Back-to-school shopping should help lift July retail sales. We’ll also check in on the real estate market as the latest figures on housing starts are released.


The Perseids Peak This Week

This month, the Perseid meteor shower is lighting up the night sky. The meteor shower is visible every year from around July 17th to August 24th and peaks around August 13th. The Perseids are produced by debris from the Swift-Tuttle comet, which is  the largest solar system object to pass close to Earth repeatedly. Swift-Tuttle is a 16-mile-wide ball of dust, ice, and rock. It was discovered in 1862 independently by both Lewis Swift and Horace Parnell Tuttle, hence the name. Its debris stream contains particles that are a bit larger than those in an average comet or asteroid debris stream so they tend to produce brighter meteors.
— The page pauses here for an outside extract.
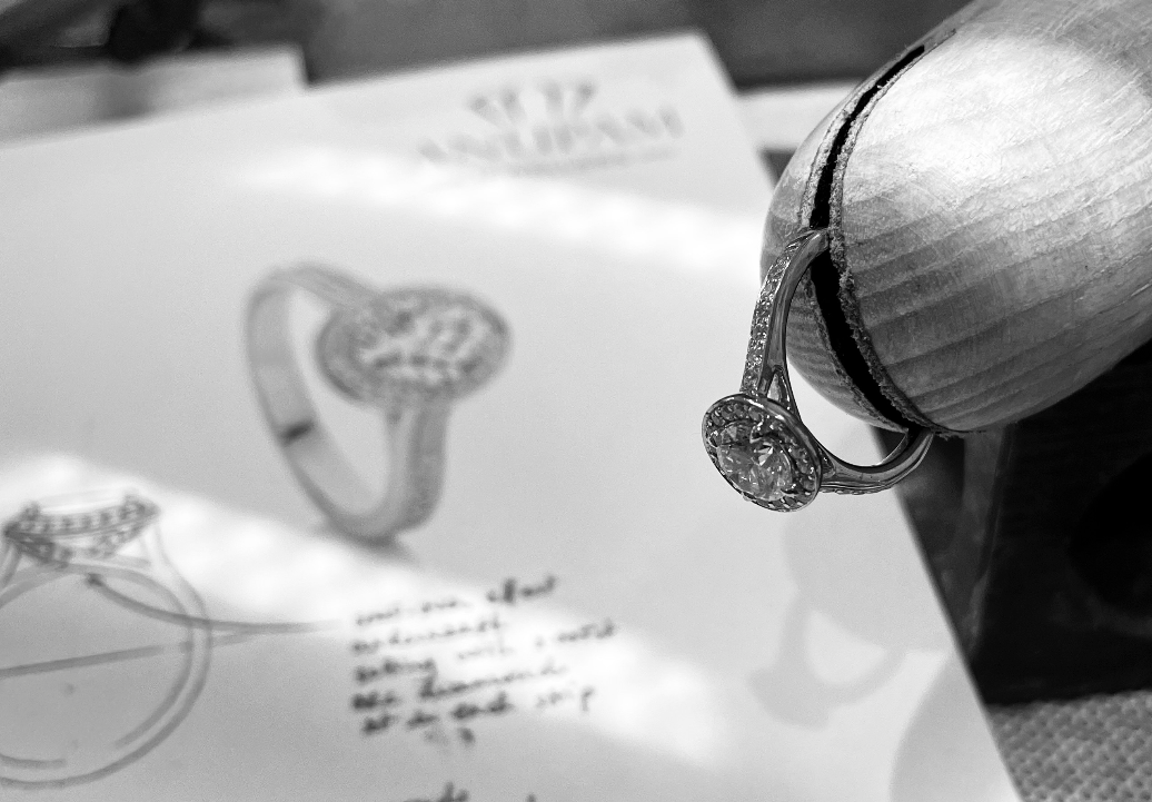 Once we have all the above, We work to create as many visuals for you as possible so that you can picture just how your bespoke piece of jewellery will be finished. With sketches and materials as well as loose stones so that you can hand select your own gemstone.
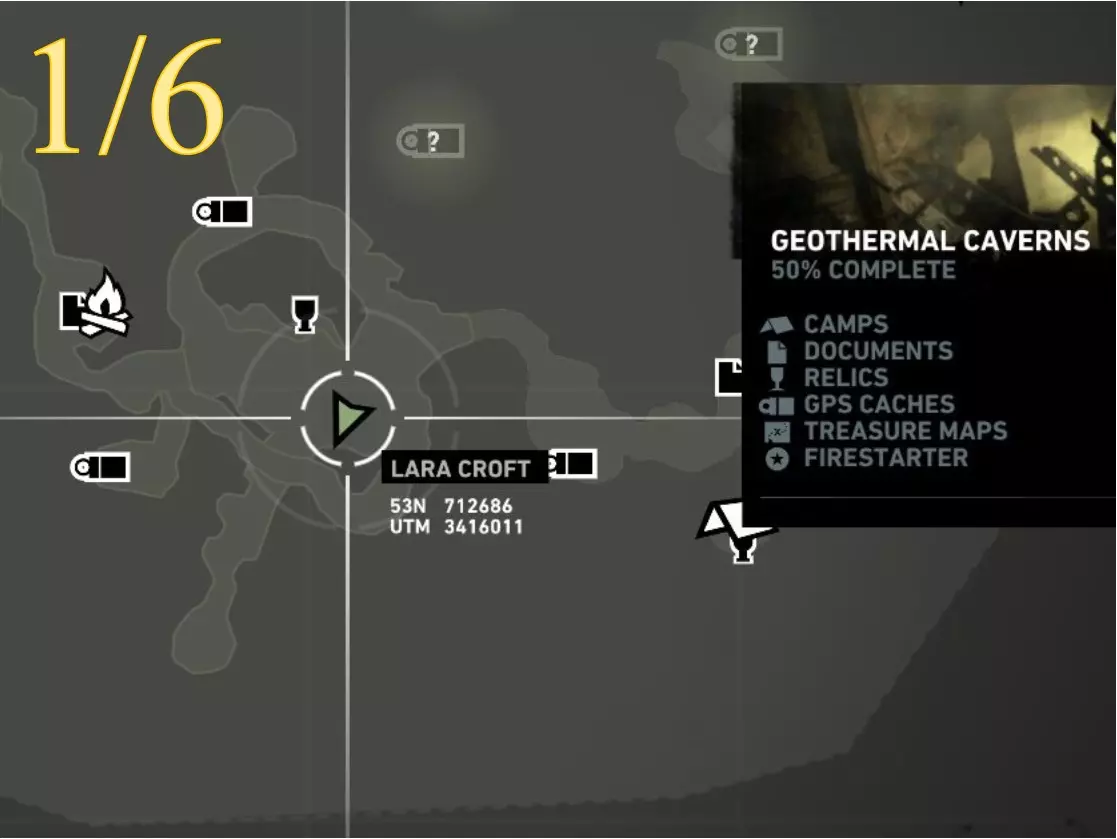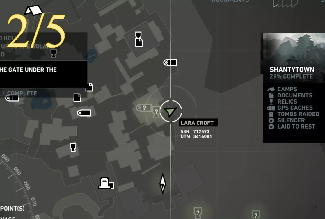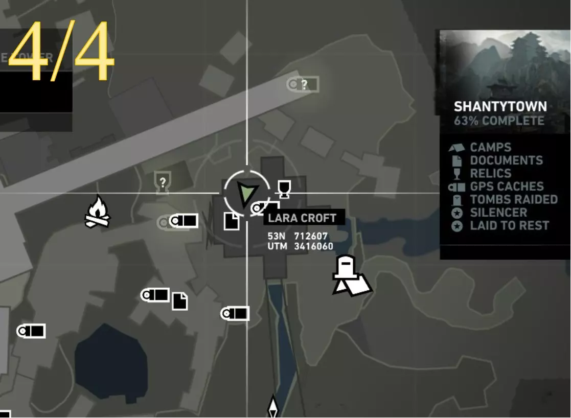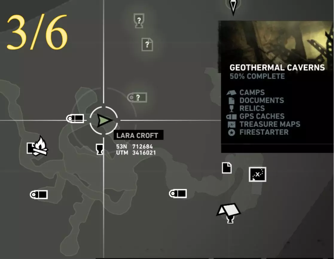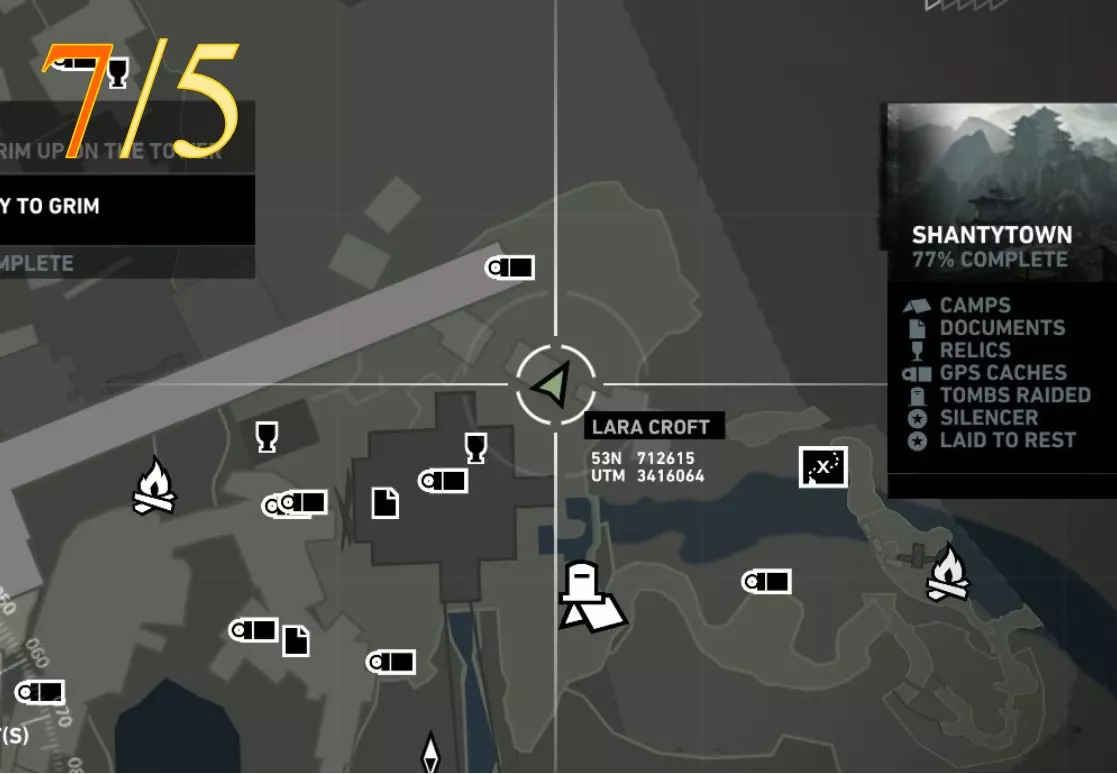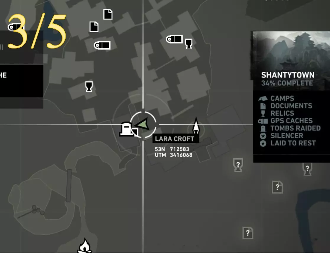 在生存本能模式(Q)下可见。劳拉正非常接近该关卡的营地。

According to NASA, approximately 30 meteor showers occur each year that are visible to observers on Earth. The Perseid meteor shower was first observed in China about 2,000 years ago. When viewing conditions are good, sky watchers can expect to see as many as 30 to 100 meteors blazing overhead each hour during the Perseids. Ideal viewing conditions are clear, dark skies, and specifically International Dark Sky Parks, which we wrote about here, but you should be able to view the Perseids in an area away from light pollution. Viewers don’t need any special equipment: the naked eye is fine. Another component to ideal viewing is the phase of the moon. Too much moonlight can obscure a meteor shower. This year, the moon will be in a waxing crescent phase and will set several hours before the celestial fireworks really begin so conditions are ideal for the 2021 Perseids.
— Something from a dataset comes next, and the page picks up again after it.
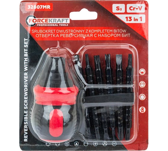 Отвертка реверсивная Forcekraft в комплекте с битами, набор FK-32807MR(62170)
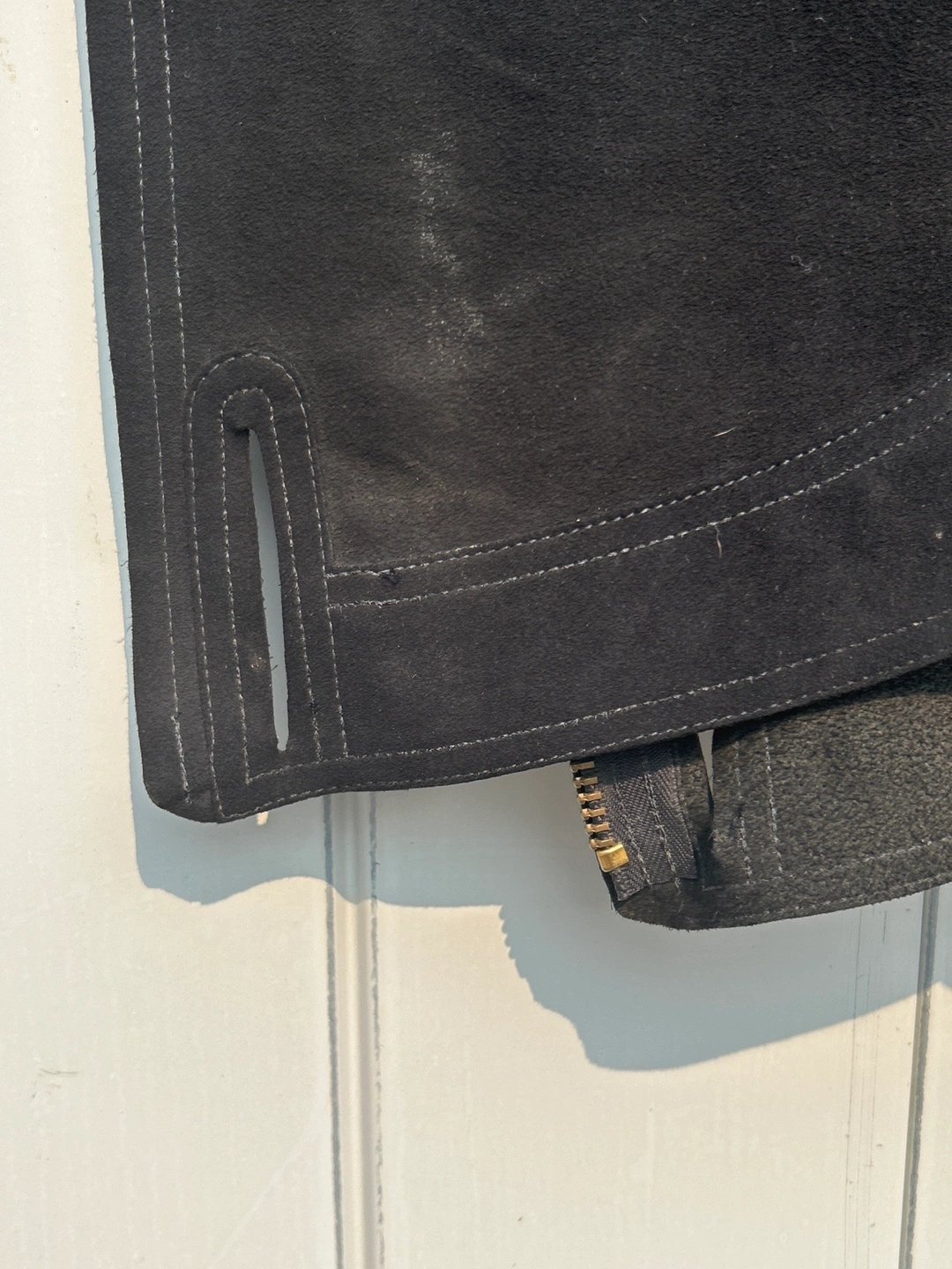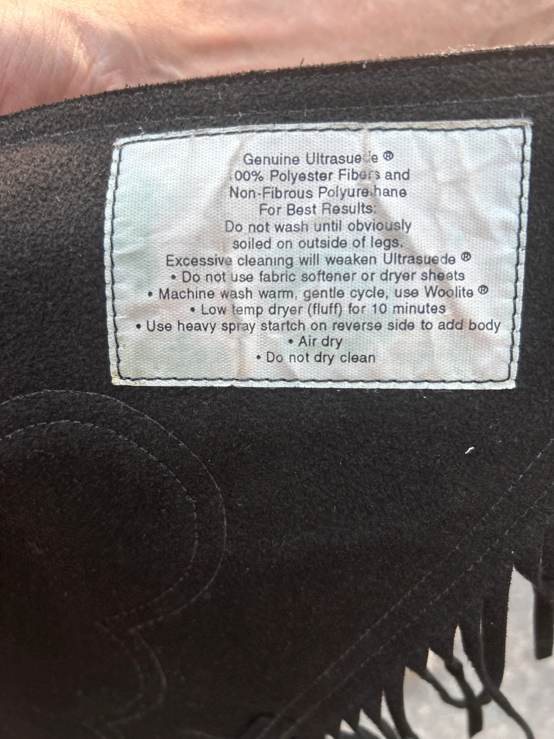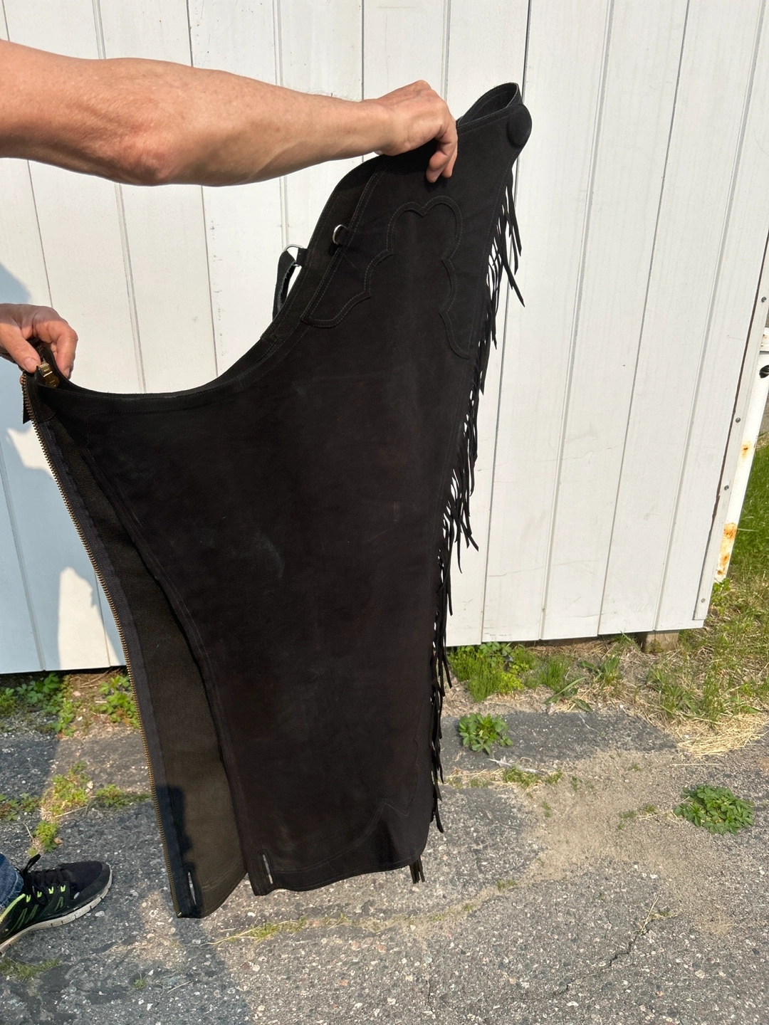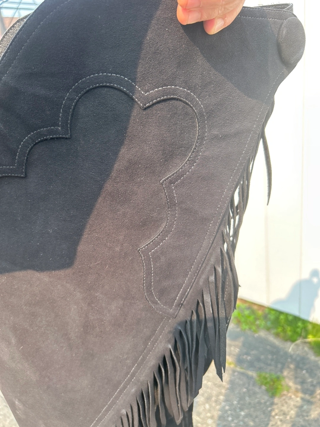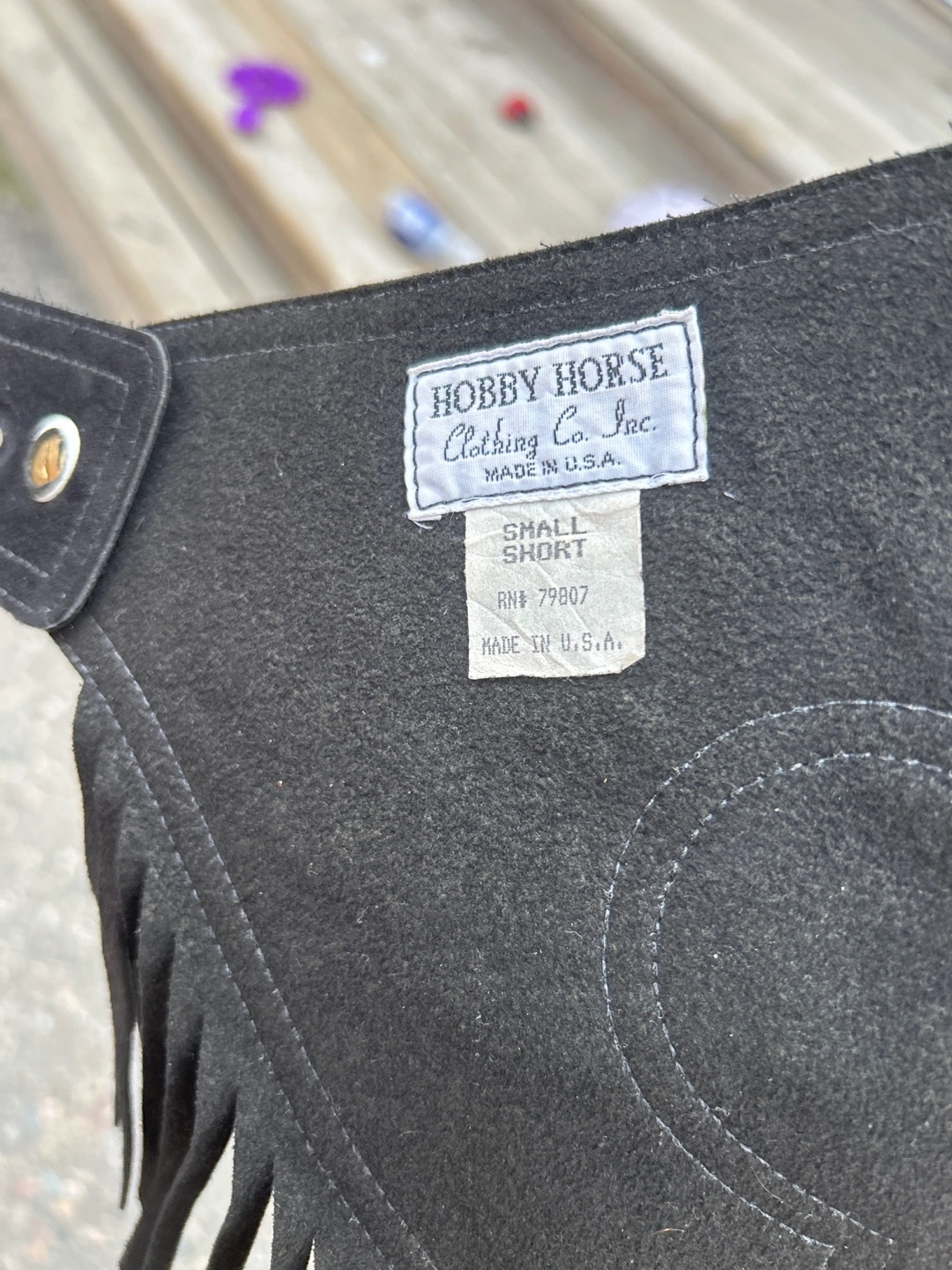 Hobbie Horse Show Chaps black suede chaps. Features fringe detail and zippers a stirrup holes. They are made in the USA and will complete your show outfit size small

Meteor showers occur when the Earth crosses through fields of cosmic debris shed by passing comets and asteroids. Particles from asteroids or comets collide with the Earth’s atmosphere at speeds up to 133,000 mph and burns up in a brilliant flare of light — a Perseid meteor. Meteor showers are named after the constellation from where the shower appears to be coming from, known as the radiant. The Perseids is named after the constellation Perseus the Hero. In ancient Greek star lore, Perseus is the son of the god Zeus and the mortal Danaë. It is said that the Perseid shower commemorates the time when Zeus visited Danaë in a shower of gold.
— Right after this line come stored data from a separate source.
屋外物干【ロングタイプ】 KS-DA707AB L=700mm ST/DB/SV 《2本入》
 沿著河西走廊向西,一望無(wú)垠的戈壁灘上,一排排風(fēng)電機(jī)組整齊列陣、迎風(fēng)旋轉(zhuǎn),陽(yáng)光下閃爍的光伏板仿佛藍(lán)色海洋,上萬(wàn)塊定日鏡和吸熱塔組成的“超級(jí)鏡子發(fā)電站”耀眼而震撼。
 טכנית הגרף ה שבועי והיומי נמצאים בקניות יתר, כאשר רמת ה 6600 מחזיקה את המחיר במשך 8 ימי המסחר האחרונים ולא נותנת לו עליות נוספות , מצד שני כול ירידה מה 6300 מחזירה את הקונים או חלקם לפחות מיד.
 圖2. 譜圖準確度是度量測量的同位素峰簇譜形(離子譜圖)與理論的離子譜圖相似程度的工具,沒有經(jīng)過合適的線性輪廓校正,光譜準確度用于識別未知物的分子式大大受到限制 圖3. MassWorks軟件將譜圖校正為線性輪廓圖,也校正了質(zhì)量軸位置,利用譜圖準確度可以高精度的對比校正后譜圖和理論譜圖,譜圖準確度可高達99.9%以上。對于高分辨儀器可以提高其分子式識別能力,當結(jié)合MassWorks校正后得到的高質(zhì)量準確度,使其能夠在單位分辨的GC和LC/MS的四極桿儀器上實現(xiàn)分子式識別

When watching meteor showers, viewers are seeing meteors ejected from the parent comet from earlier orbits – not the comet’s most recent orbit. This is because it takes time for debris from a comet’s orbit to drift into a position where it intersects with the Earth’s atmosphere. 
The Perseids is one of three ideal meteor showers that can be seen in 2021. The good news is that it is also the first, so there are two more chances to catch a celestial show, including the Draconid meteor shower that will peak around October 8-9th, and the South Taurid meteor shower on November 4-5th.